### ASSIGNED TASK
Pictures aside, repeat every entry exactly.

### MATERIAL SUPPLIED
◇ ◇ ◇

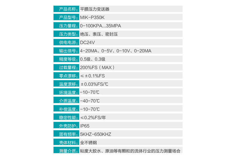 MIK-P350系列平面膜结构压力变送器选用德国进口扩散硅芯体,采用平面膜直接感受压力。传感器接口有卡箍式,M27×2,法兰式可供选择。输出信号有电压、电流、频率信号等可选择,传感器平膜片防止了结垢,不卫生及粘稠液体堵塞等问题。广泛应用于食品、医药、卫生及酿酒工业等部门。
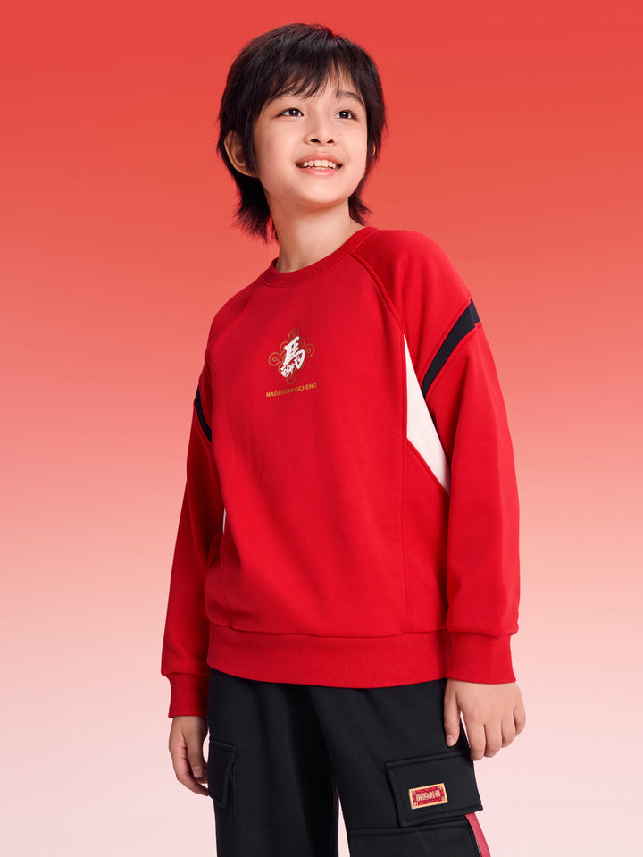 1. Tissu : le tissu du corps principal est composé d'un tissu double face de 280 g avec une base brossée, confortable, doux pour la peau, coupe-vent et chaud ; 2. Style : sweat-shirt aux couleurs contrastées, énergique et tendance, col rond, confortable et facile à porter, et pratique pour les activités ; 3. Couleur : rouge chinois, un incontournable du Nouvel An ; 4. Motif : impression artisanale, impression sur feuille d'étain dorée, exquise et texturée.
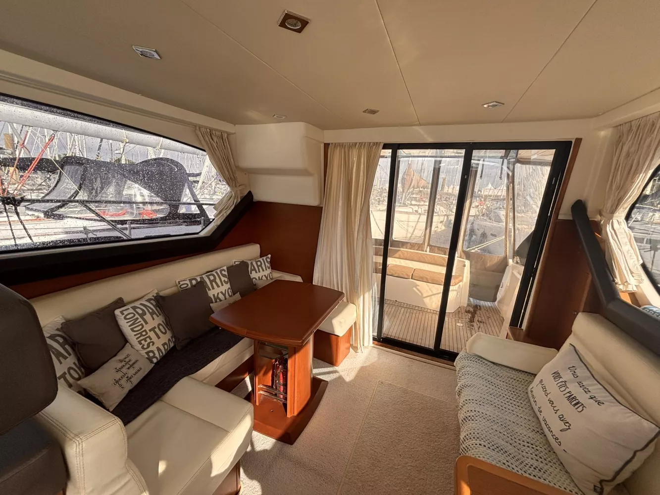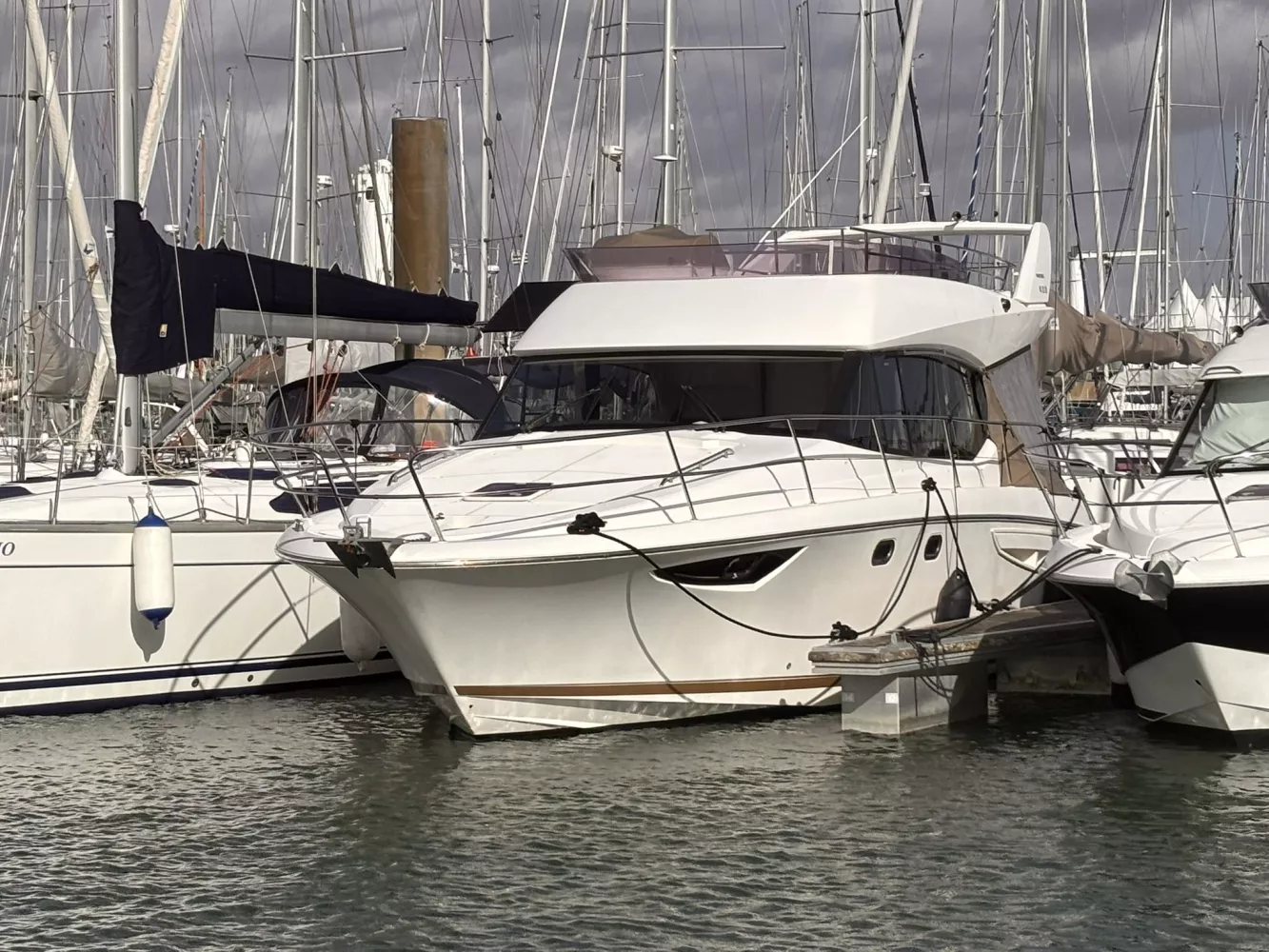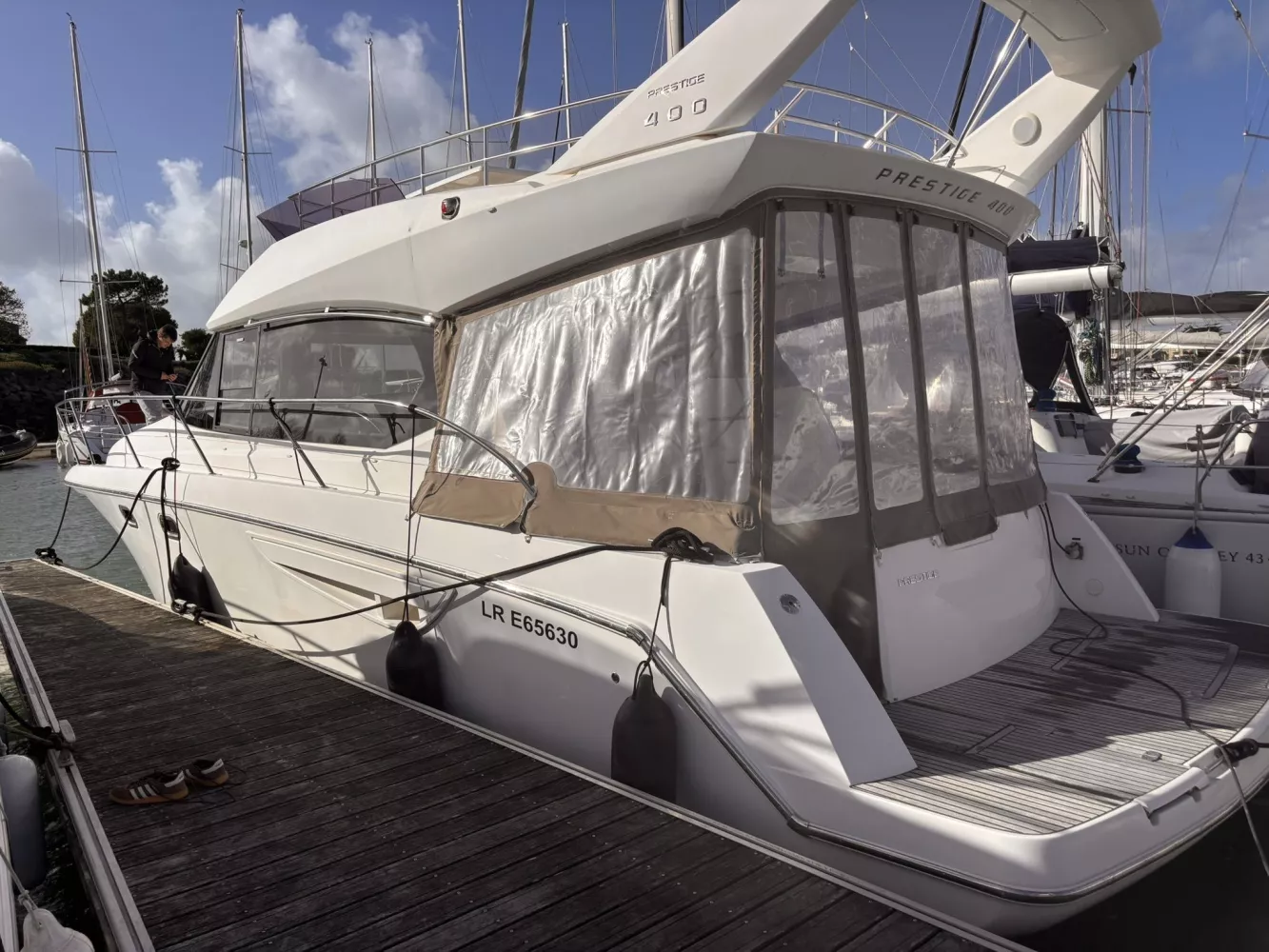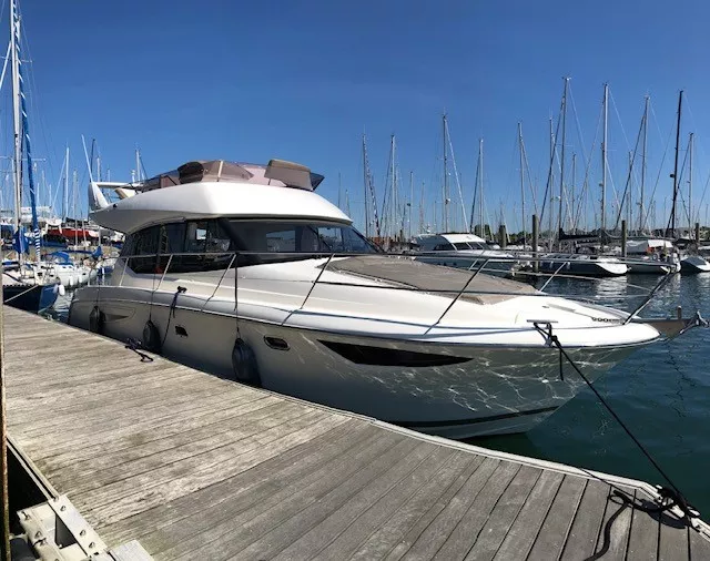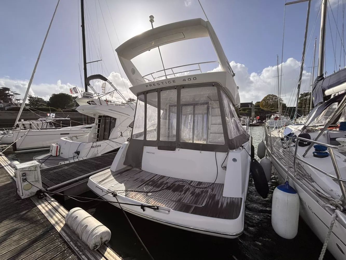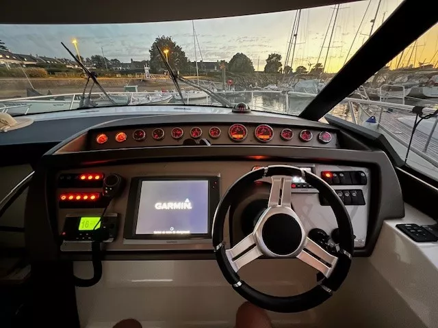 À vendre : Prestige 400 de 2012, parfaitement entretenu et prêt à naviguer. Révision complète avec échangeurs en juin 2025. Ce yacht de croisière allie confort, performance et élégance, idéal pour la navigation côtière ou la croisière de plusieurs jours. / 2 x Cummins 380 cv (~201 h) / Propulseur d’étrave / Flaps de commande / Guindeau électrique / Chaîne 10 mm / Émerillon inox / Sellerie Fly et extérieure en bon état / Table Fly + bain de soleil / Housses de protection / Fermeture arrière complète / Douchette chaude/froide à la plage arrière / Rideaux occultants / GPS Garmin GPSMAP 7012 / Pilote automatique Garmin GHC 10 / Répétiteur Fly Garmin (VHF, GPS, pilote) / VHF Garmin VF 200 I / 2 cabines / 2 salles d’eau avec WC électriques / Chauffage / TV / Grand réfrigérateur + congélateur / Micro-ondes / 3 feux gaz / Ligne de quai 220 V / Chargeur intégré / Prise 12 V / Radeau de survie (à réviser) / Gros entretien effectué en juin 2025 / Échangeurs eau, air et huile refaits.
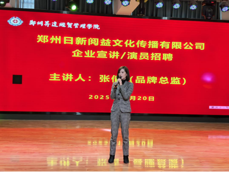 11月20日,体育学院举行了郑州日新阅益文化传播有限公司企业宣讲暨演员招聘活动,日新阅益品牌总监张倩一行来到我院进行企业宣讲和招聘。体育学院党委书记韩炎涛参加本次活动。
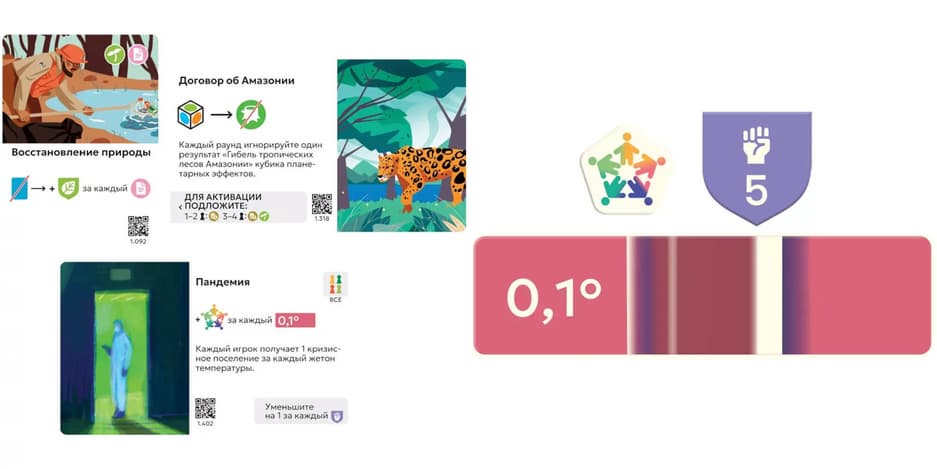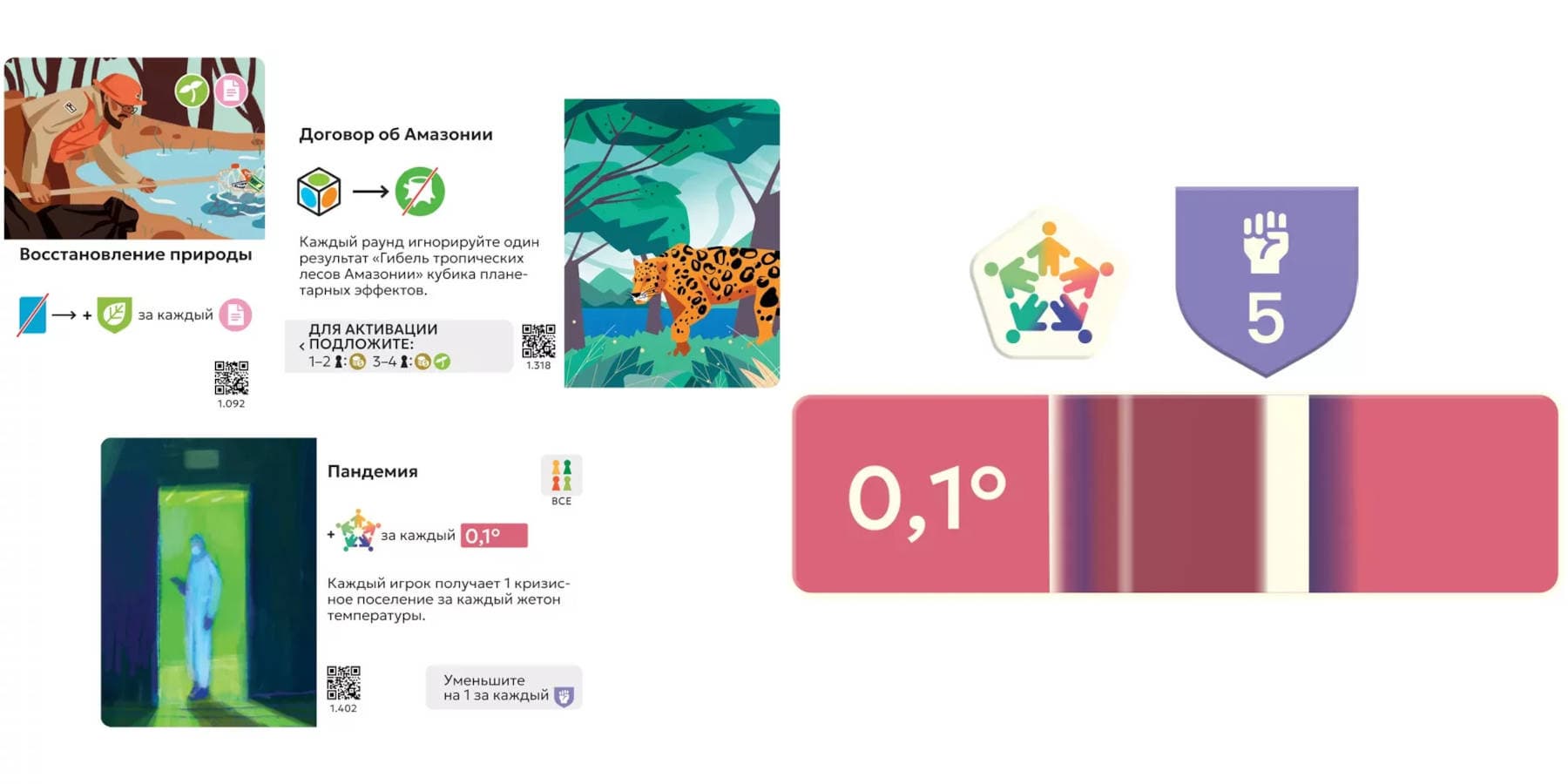 Для победы, а партия обычно занимает 60-90 минут, необходимо достигнуть сокращения – момента, когда планета начинает восстанавливаться. Если температура вырастет на 2,0 C или одна из держав получит 12 кризисных поселений, то тогда проиграют все участники.

◇ ◇ ◇

### TASK RESPONSE
 MIK-P350系列平面膜结构压力变送器选用德国进口扩散硅芯体,采用平面膜直接感受压力。传感器接口有卡箍式,M27×2,法兰式可供选择。输出信号有电压、电流、频率信号等可选择,传感器平膜片防止了结垢,不卫生及粘稠液体堵塞等问题。广泛应用于食品、医药、卫生及酿酒工业等部门。
 1. Tissu : le tissu du corps principal est composé d'un tissu double face de 280 g avec une base brossée, confortable, doux pour la peau, coupe-vent et chaud ; 2. Style : sweat-shirt aux couleurs contrastées, énergique et tendance, col rond, confortable et facile à porter, et pratique pour les activités ; 3. Couleur : rouge chinois, un incontournable du Nouvel An ; 4. Motif : impression artisanale, impression sur feuille d'étain dorée, exquise et texturée.
 À vendre : Prestige 400 de 2012, parfaitement entretenu et prêt à naviguer. Révision complète avec échangeurs en juin 2025. Ce yacht de croisière allie confort, performance et élégance, idéal pour la navigation côtière ou la croisière de plusieurs jours. / 2 x Cummins 380 cv (~201 h) / Propulseur d’étrave / Flaps de commande / Guindeau électrique / Chaîne 10 mm / Émerillon inox / Sellerie Fly et extérieure en bon état / Table Fly + bain de soleil / Housses de protection / Fermeture arrière complète / Douchette chaude/froide à la plage arrière / Rideaux occultants / GPS Garmin GPSMAP 7012 / Pilote automatique Garmin GHC 10 / Répétiteur Fly Garmin (VHF, GPS, pilote) / VHF Garmin VF 200 I / 2 cabines / 2 salles d’eau avec WC électriques / Chauffage / TV / Grand réfrigérateur + congélateur / Micro-ondes / 3 feux gaz / Ligne de quai 220 V / Chargeur intégré / Prise 12 V / Radeau de survie (à réviser) / Gros entretien effectué en juin 2025 / Échangeurs eau, air et huile refaits.
 11月20日,体育学院举行了郑州日新阅益文化传播有限公司企业宣讲暨演员招聘活动,日新阅益品牌总监张倩一行来到我院进行企业宣讲和招聘。体育学院党委书记韩炎涛参加本次活动。
 Для победы, а партия обычно занимает 60-90 минут, необходимо достигнуть сокращения – момента, когда планета начинает восстанавливаться. Если температура вырастет на 2,0 C или одна из держав получит 12 кризисных поселений, то тогда проиграют все участники.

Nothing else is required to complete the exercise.